ALL of the mid-frame Ruger SAs (New Vaquero, 50th Anniversary 357 Blackhawk Flattop, the Montado, the SASS Vaqs, all of the 44Spls and anything in .45LC/ACP with a "flattop" frame) have a revised cylinder process that aided accuracy over the previous types. The cylinder bores with the new process are done one at a time with the same bit/reamer set as opposed to all-six-at-once.

Again: all of the mid-frames are improved like that.

In 2007 those changes migrated to the large-frames. You can tell if a large-frame Ruger SA is late enough to have those changes by the "lawyer's warning label" on the barrel: side-barrel means older, under-barrel means it has the cylinder revision.

I personally would want to own a specimen with the revised cylinder.

Now. The mid-frame "Blackhawks" are very different from their large-frame cousins, esp. if the large-frame specimen is blued. In stainless all the large-frame Blackhawks have steel grip frames and steel ejector rods (stainless steel that is). In the large-frame blue Blackhawks the grip frame and ejector rod housing are aluminum, black-anodized to match the gun.
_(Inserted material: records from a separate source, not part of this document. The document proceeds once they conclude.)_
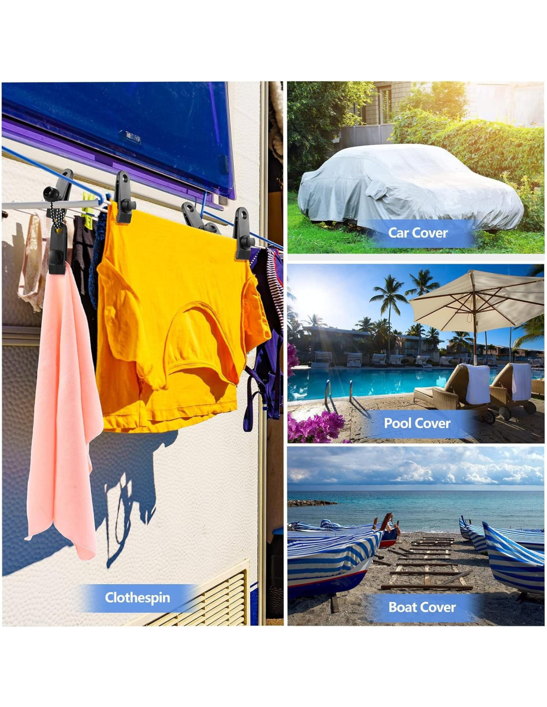 - Amplia Aplicación: este conjunto multipropósito de cuerdas bungee y clips de lona es ideal para tiendas de campaña al aire libre, toldos, caravanas, lonas, lienzo, refugios temporales, viseras solares, pantallas de proyector temporales, cubiertas de sofá y cubiertas de barbacoa
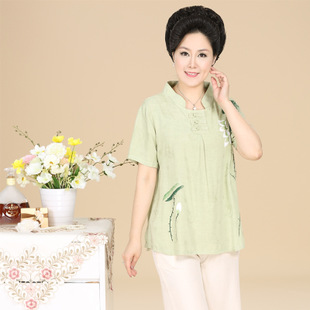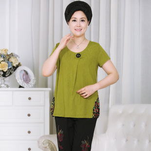 15新款中老年女裝夏季加大碼短袖t恤套裝中年媽媽裝棉麻套裝批發(fā) /
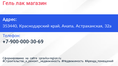 Гель-лак, магазин по адресу 353440, Краснодарский край, Анапа, Астраханская, 32а в дальнейшем Организация, размещена в следующих категориях:
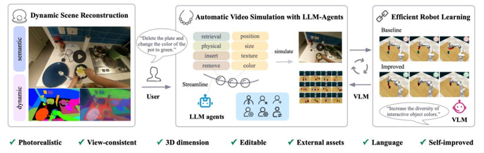 一篇是《RoboPerls》,是面向机器人的可编辑视频仿真框架,能够利用视频构建仿真环境,具备照片级真实感。支持机器人的数据合成。
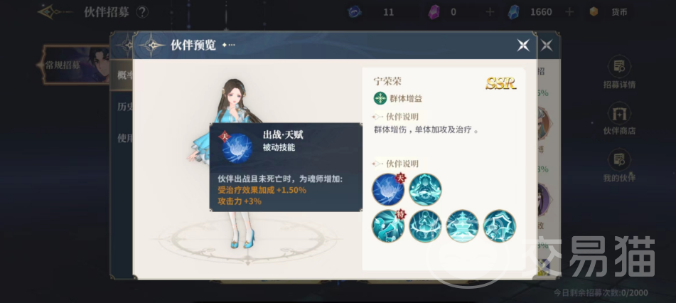 以上就是斗罗大陆史莱克学院宁荣荣怎么样的相关介绍啦,大家要是想要获取宁荣荣就去伙伴招募里面看看,这个SSR角色绝对是辅助里面很好用的一个哦。
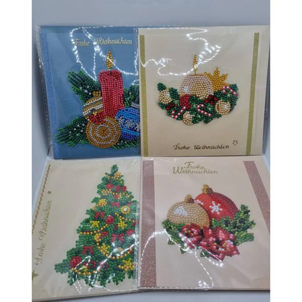 Entdecke ein exklusives 4er Set handgearbeiteter Weihnachtsgrußkarten mit funkelnden Diamond Painting Motiven!

That is actually a very good way to go. Not the greatest cosmetically but...two things, the gun ends up being lighter overall and the ejector housing in aluminum is tougher when you are doing heavy recoil, such as the 44Magnum-class 45LC+P ammo in a 45LC Blackhawk. The aluminum ejector housing, being lighter, puts less stress on the screw holding it to the barrel so you get less cases of that screw breaking or pulling free.

These blue aluminum-parts Blackhawks are also cheaper than most of the other variants.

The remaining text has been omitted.